Deep Learning for Soil Moisture Estimation: Fusing Satellite Data with Optimally-Lagged Meteorological Features
Pith reviewed 2026-06-26 14:32 UTC · model grok-4.3
The pith
Incorporating time-lagged meteorological data and soil depth information improves deep learning models for estimating soil moisture from satellite observations.
A machine-rendered reading of the paper's core claim, the machinery that carries it, and where it could break.
Core claim
The study shows that determining optimal temporal lags (0-30 days) for meteorological variables and inter-depth lags (0-15 days) using cross-correlation, and incorporating them into CNN, LSTM, and CNN-LSTM models, leads to better soil moisture prediction, with the hybrid model achieving R^2 of 0.930 on held-out data.
What carries the argument
The Cross-Correlation Function (CCF) methodology to determine optimal temporal lags between meteorological variables and soil moisture, as well as inter-depth lags describing vertical moisture propagation from the surface to deeper layers.
If this is right
- Meteorological variables with optimal lags improve performance compared to using satellite data alone.
- Including subsurface depth information is decisive for accurate predictions across all tested model architectures.
- A per-pixel CNN achieves the strongest single-patch result with R^2 of 0.877.
- A pooled CNN-LSTM hybrid reaches the highest overall performance with R^2 of 0.930.
Where Pith is reading between the lines
- The lag selection process might transfer to estimating other delayed environmental processes such as groundwater response.

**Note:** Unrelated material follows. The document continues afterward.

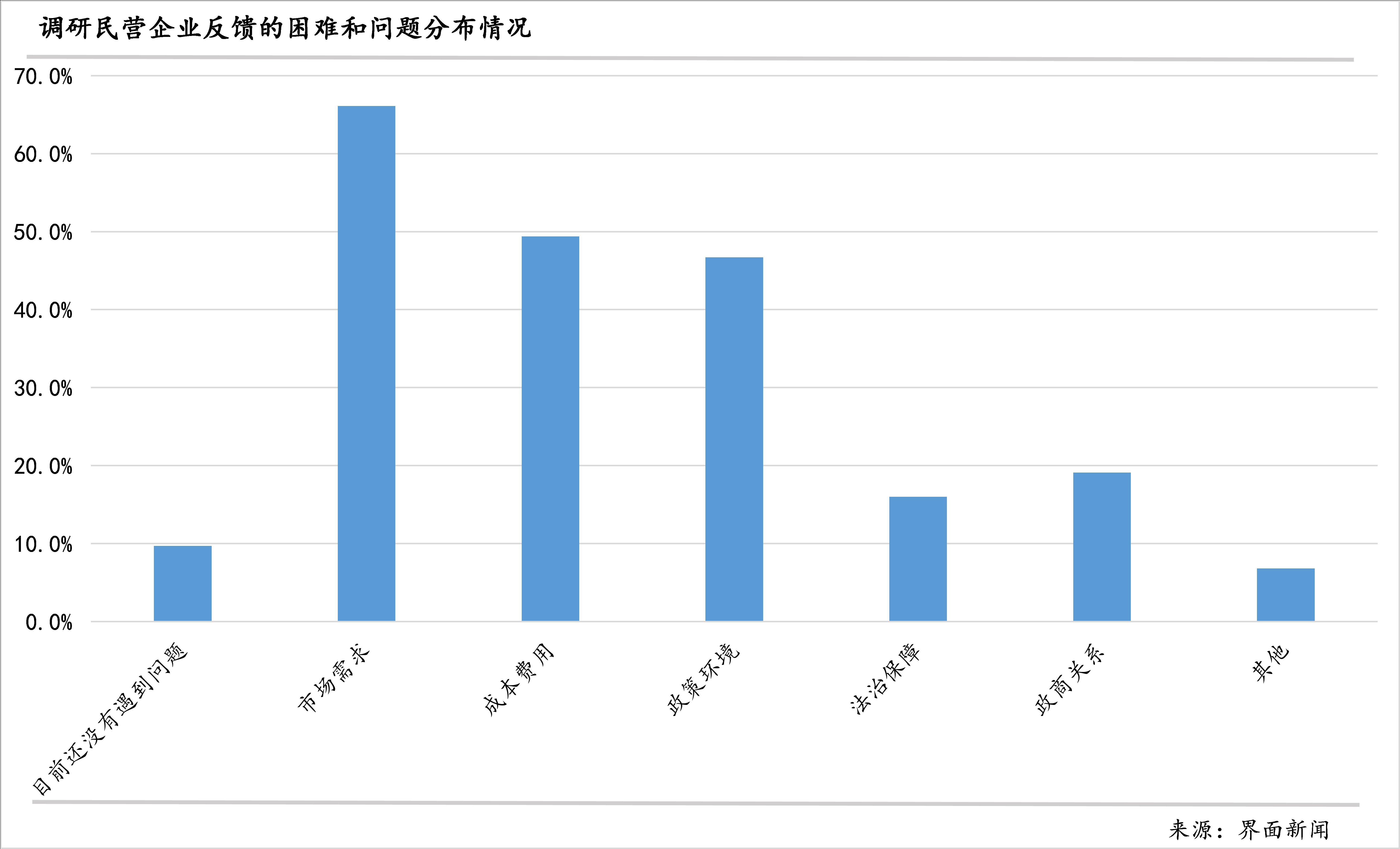 3、市场需求不足是民营企业面临的最大问题:调研显示,民营企业面临的最大问题是市场需求不足,有66.1%的企业反映了这一点,成本费用和政策环境次之,占比分别为49.4%和46.7%;政商关系和法治保障方面则分别有19.1%和16%的企业认为还需要进一步改进。

- Retraining the lag finder on new regions could be necessary if physical conditions differ substantially from the original plots.
- The multi-patch training strategy indicates that pooling data from multiple sites aids generalization within similar agricultural settings.
Load-bearing premise
The lags selected via cross-correlation on the training plots capture generalizable physical delays rather than dataset-specific correlations or noise.
What would settle it
Retraining and testing the models on data from a different semi-arid region without re-computing the lags from cross-correlation, and checking if the performance improvement over the satellite-only baseline holds or vanishes.
Figures
read the original abstract
Accurate soil moisture estimation in semi-arid agricultural regions requires integrating remote sensing and meteorological information while accounting for the delayed response of soil moisture to atmospheric forcing. This study introduces a Cross-Correlation Function (CCF) methodology to determine optimal temporal lags (0-30 days) between meteorological variables and soil moisture, as well as inter-depth lags (0-15 days) describing vertical moisture propagation from the surface (10 cm) to deeper layers (20-50 cm). The approach was validated across seven agricultural plots in southeastern Spain. Three deep learning architectures, each targeting a distinct prediction granularity, were evaluated under five feature configurations ranging from satellite-only to full satellite-meteorology-depth fusion: a CNN for per-pixel estimation within each plot, an LSTM for frame-level (daily plot-mean) prediction, and a CNN-LSTM hybrid operating on sliding windows with pooled multi-patch training. Models were assessed on held-out data to measure genuine generalisation. Meteorological variables improved performance over the satellite-only baseline, while subsurface depth information proved decisive across all architectures. The per-pixel CNN achieved the strongest single-patch result (R^2 = 0.877, RMSE = 2.28), with a seven-patch average R^2 of 0.535, representing an improvement of +1.00 over the satellite-only baseline. The pooled CNN-LSTM hybrid obtained the highest overall performance (R^2 = 0.930, CVRMSE = 8.0%). These results demonstrate that explicitly modelling atmospheric and vertical subsurface delays substantially improves soil moisture estimation for precision agriculture.
Editorial analysis
A structured set of objections, weighed in public.
Referee Report
Summary. The paper claims that a Cross-Correlation Function (CCF) approach can identify optimal temporal lags (0-30 days for meteorological variables, 0-15 days for inter-depth propagation) between satellite observations, meteorological drivers, and soil moisture at multiple depths. These lagged features are then fused into three deep-learning architectures (per-pixel CNN, LSTM, and CNN-LSTM hybrid) and evaluated on held-out data from seven agricultural plots in southeastern Spain. The central empirical result is that adding the optimally lagged meteorological and subsurface-depth features produces substantial gains over a satellite-only baseline, with the pooled CNN-LSTM hybrid reaching R² = 0.930 and the per-pixel CNN achieving a seven-plot average R² = 0.535 (+1.00 over baseline).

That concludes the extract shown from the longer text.